**Problem requirements**
Please repeat each line from the one holding "活动内容:活动期间,凡新签筑" through the final line of the data, exactly as it stands, with no pictures.

**Data**
####################
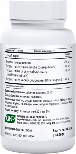 * поддерживает постоянный сосудистый тонус.Активные компоненты: лецитин, экстракт листьев гинкго билоба сухой, экстракт цветов донника лекарственного сухой, экстракт листьев черной смородины в правильной терапевтической дозировке.
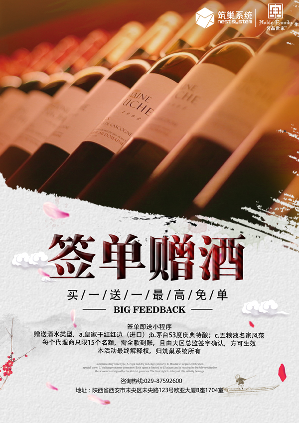 活动内容:活动期间,凡新签筑巢系统超值版一年,加3000元,即可获赠价值6000元酒水一份;
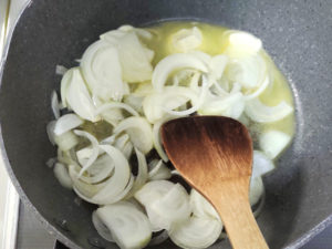 ![]() 2:フライパンにマーガリンを引いて、弱火で、玉ねぎを炒めましょう。 3:玉ねぎが半透明になったら、火を一旦止め、タネ用薄力粉を加え、全体がなじむまで、しっかりと混ぜます。 |
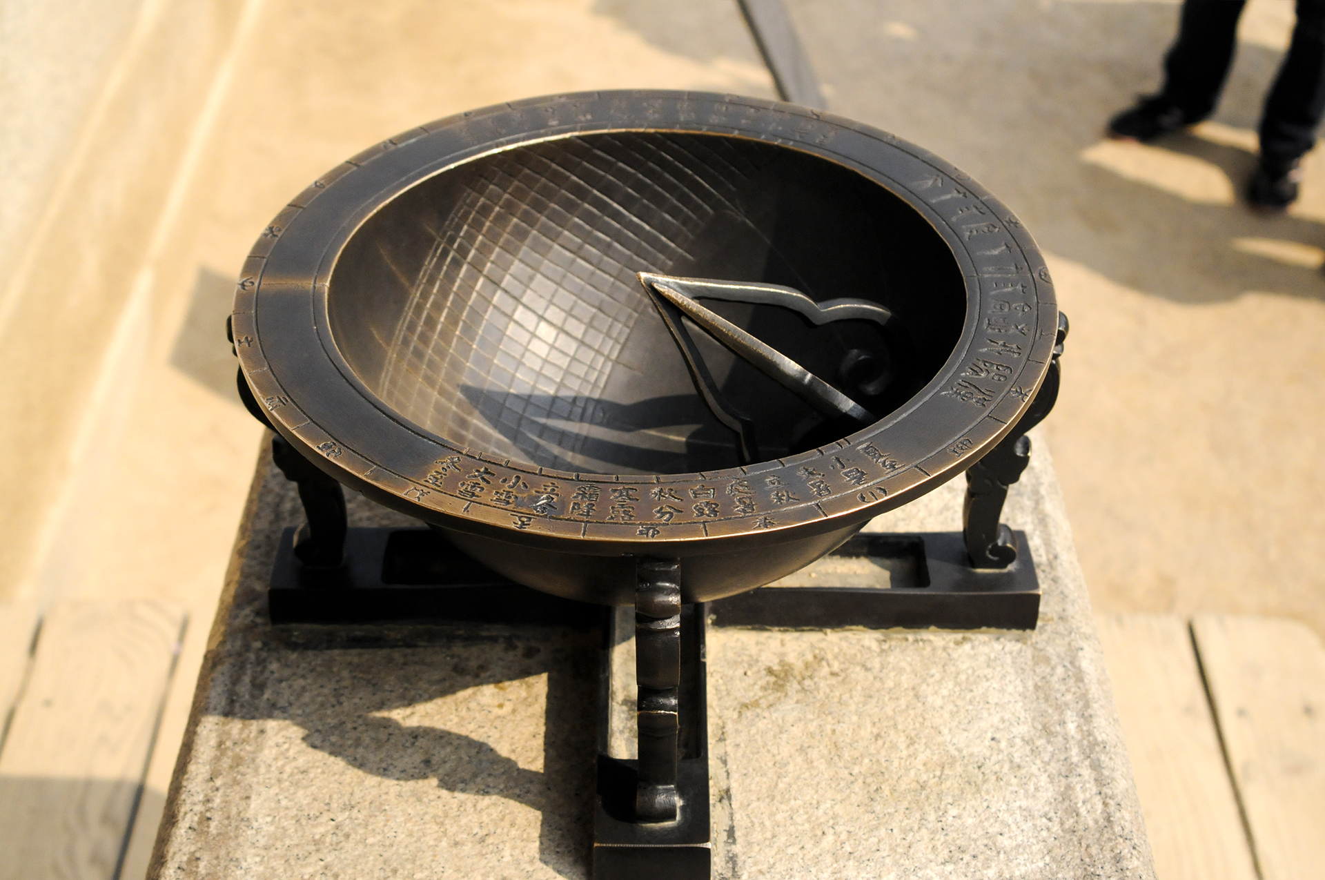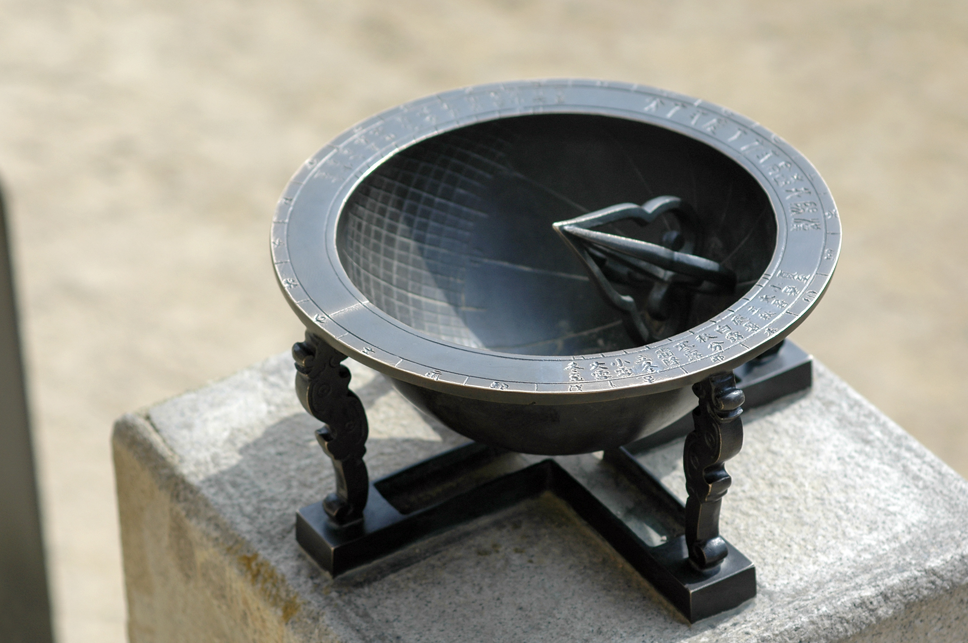 청동의 오목판 안바닥에는 일곱 개의 세로줄이 그려져 있는데, 이를 시각선이라고 한다. 해가 동쪽에서 떠서 서쪽으로 지면서 생기는 그림자가 이 시각선에 비쳐지면서 시간을 알 수 있다. 바닥에는 시각선 이외에 열세 개의 가로줄이 그려져 있는데, 이는 24절기를 나타낸다. 제일 바깥줄은 동지의 해 그림자가 따라가는 줄이며, 제일 안쪽 줄은 하지선이라고 하니 얼마나 과학적인지 우리문화에 대해 자긍심을 가지게 된다. 이것은 복제품으로 진품은 국립고궁박물관에 소장되어 있다.
####################
**Answer box**
 活动内容:活动期间,凡新签筑巢系统超值版一年,加3000元,即可获赠价值6000元酒水一份;
 ![]() 2:フライパンにマーガリンを引いて、弱火で、玉ねぎを炒めましょう。 3:玉ねぎが半透明になったら、火を一旦止め、タネ用薄力粉を加え、全体がなじむまで、しっかりと混ぜます。 |
 청동의 오목판 안바닥에는 일곱 개의 세로줄이 그려져 있는데, 이를 시각선이라고 한다. 해가 동쪽에서 떠서 서쪽으로 지면서 생기는 그림자가 이 시각선에 비쳐지면서 시간을 알 수 있다. 바닥에는 시각선 이외에 열세 개의 가로줄이 그려져 있는데, 이는 24절기를 나타낸다. 제일 바깥줄은 동지의 해 그림자가 따라가는 줄이며, 제일 안쪽 줄은 하지선이라고 하니 얼마나 과학적인지 우리문화에 대해 자긍심을 가지게 된다. 이것은 복제품으로 진품은 국립고궁박물관에 소장되어 있다.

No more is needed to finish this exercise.